Da conversa para a ação

O mundo presenciou recentemente um clamor por igualdade racial que não pode ser esquecido. Com isso, nos demos conta de que, mesmo dentro da nossa equipe, as boas intenções não são suficientes. Há algum tempo, nós do Google estamos trabalhando para gerar mais inclusão nos ambientes de trabalho e no marketing. No entanto, os eventos do último ano deixaram claro que precisávamos colocar em ação um plano mais concreto para criar mudanças reais e sustentáveis. É por isso que lançamos um conjunto mais claro de compromissos para a empresa e as equipes, para lidarmos em escala com a desigualdade sistêmica.

Nós dividimos a responsabilidade de representar as pessoas em todas as dimensões, como gênero, idade e necessidades especiais. Esse trabalho é para sempre.

Há três áreas com as quais nos preocupamos bastante: um grupo de líderes responsável pela mudança, uma equipe que se parece com seus usuários e resultados de trabalho que desafiem o status quo. Para ajudar nossos líderes, criamos um treinamento de 12 etapas chamado [Digital] Human (ou “Humano [Digital]”), em parceria com Reggie Butler.
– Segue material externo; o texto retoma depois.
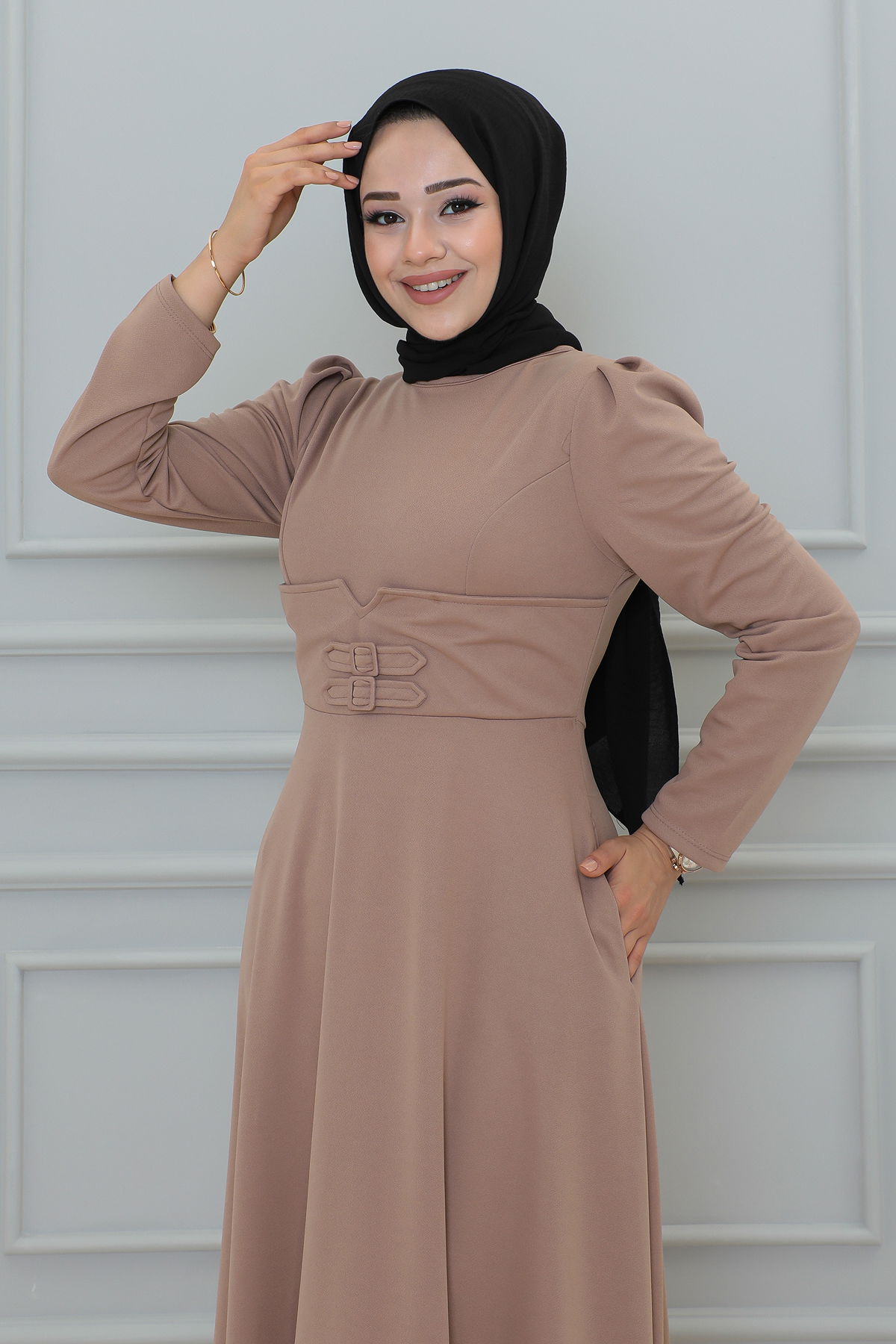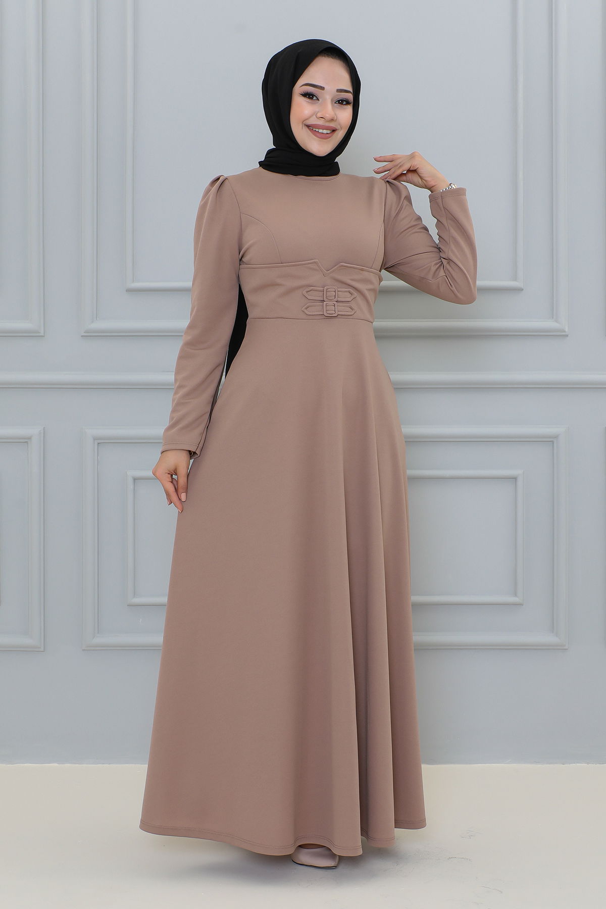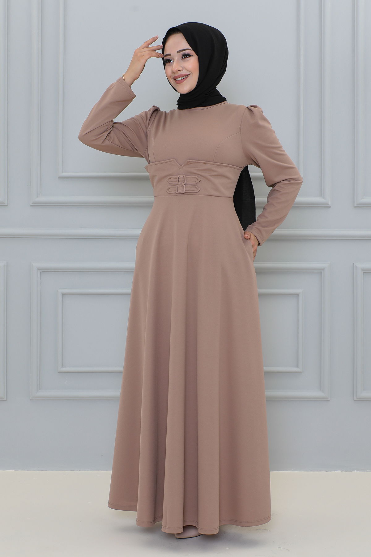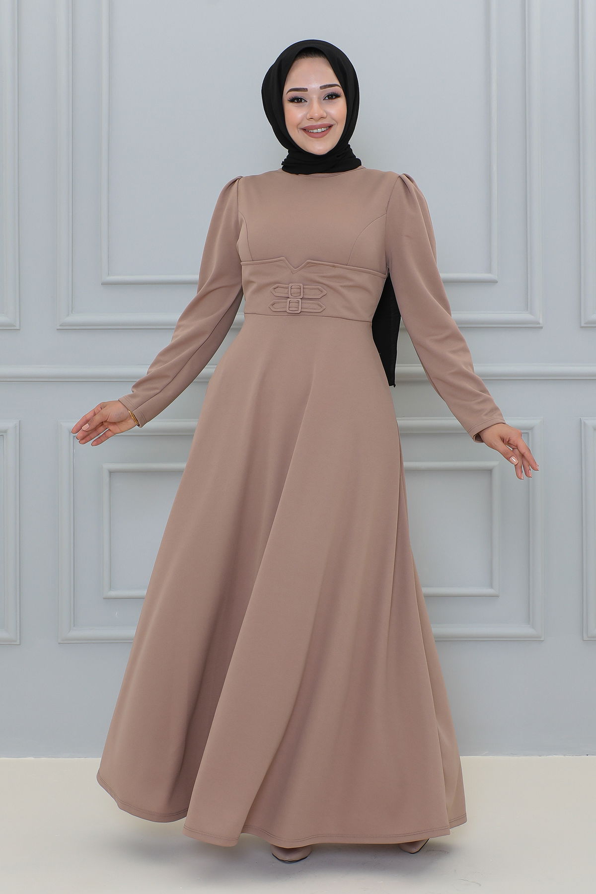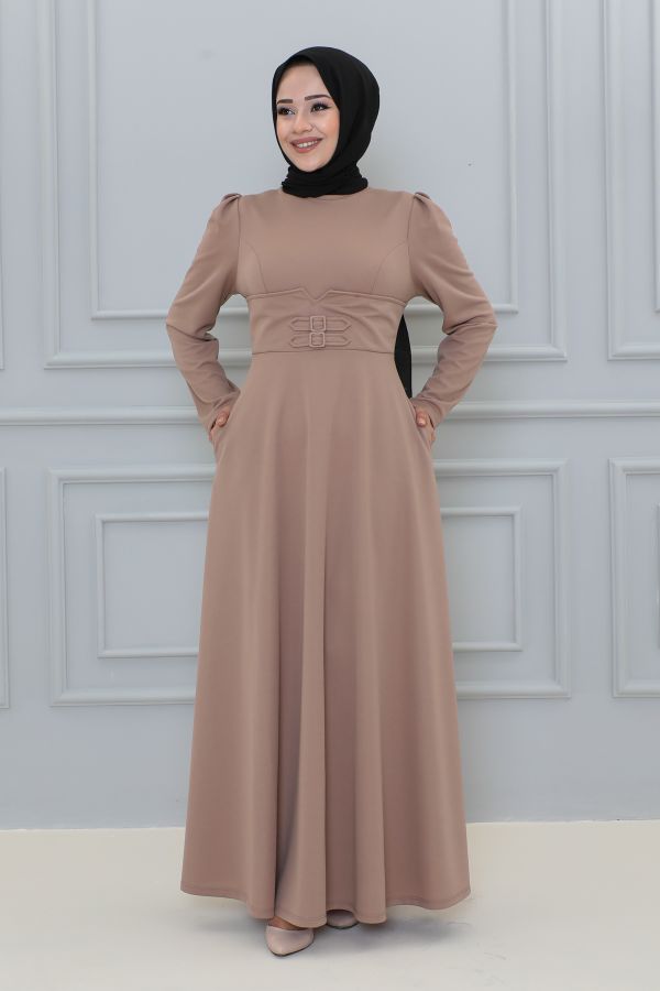 Belden Oturtmalı Toka Detaylı Tesettür Elbise-3139 Vizon

Por meio de podcasts, entrevistas, períodos de reflexão e planos de ação, esse treinamento tem ajudado os gestores a fortalecer sua capacidade de fomentar uma cultura de pertencimento para todos em sua equipe. Também nos comprometemos em fazer mais para lidar com a representatividade de grupos subrrepresentados em todos os níveis, desde a contratação até a promoção e a retenção. E em nosso trabalho, tomamos medidas concretas, como lançar novos recursos para apoiar negócios de afroempreendedores, usando nossas vozes para tomar uma posição, além de acolher eventos como o Bear Witness, Take Action no YouTube.

Nós dividimos a responsabilidade de representar as pessoas em todas as dimensões, levando em conta gênero, idade e necessidades especiais. Esse trabalho é para sempre.

Seja humano

Já faz tempo que a nossa cultura incorpora uma mão na massa coletiva para fazer o nosso trabalho chegar ao mundo mais rápido. No entanto, dessa vez as coisas foram diferentes. Todo mundo estava em casa, o que tornava mais difícil chegar aos resultados. Além disso, todo mundo estava com medo e preocupado. Um ano depois do início da pandemia, alguns de nós ainda não conseguiram abraçar ou visitar seus entes queridos. Alguns de nós estão vivendo sozinhos ou em uma casa cheia. Outros têm dificuldade de manter uma rotina, de permanecer ativos e inspirados. Mas se mostrar vulnerável para os outros e demonstrar a nossa condição humana nos aproximou. Nossas telas se encheram com nossos filhos, pais, bichos de estimação, parceiros e parceiras. São esses os momentos que nos fizeram rir e nos uniram como uma família.

Nós raramente falávamos sobre bem-estar no passado, mas isso mudou e nos trouxe mais força. Por exemplo, paramos de falar sobre nosso trabalho em duas das nossas reuniões com as equipes de marketing. Ao invés disso, falamos apenas como estamos. Isso deu às pessoas a chance de ser vulneráveis, de compartilhar, de falar e de se sentir apoiadas. Nos demos conta da necessidade de fazer do bem-estar uma prioridade. Os líderes e gestores podem tornar a cultura do autocuidado algo mais acessível para as pessoas. E os próprios líderes precisam ser modelo dessa ideia — usando, por exemplo, recursos como a programação de envios no Gmail.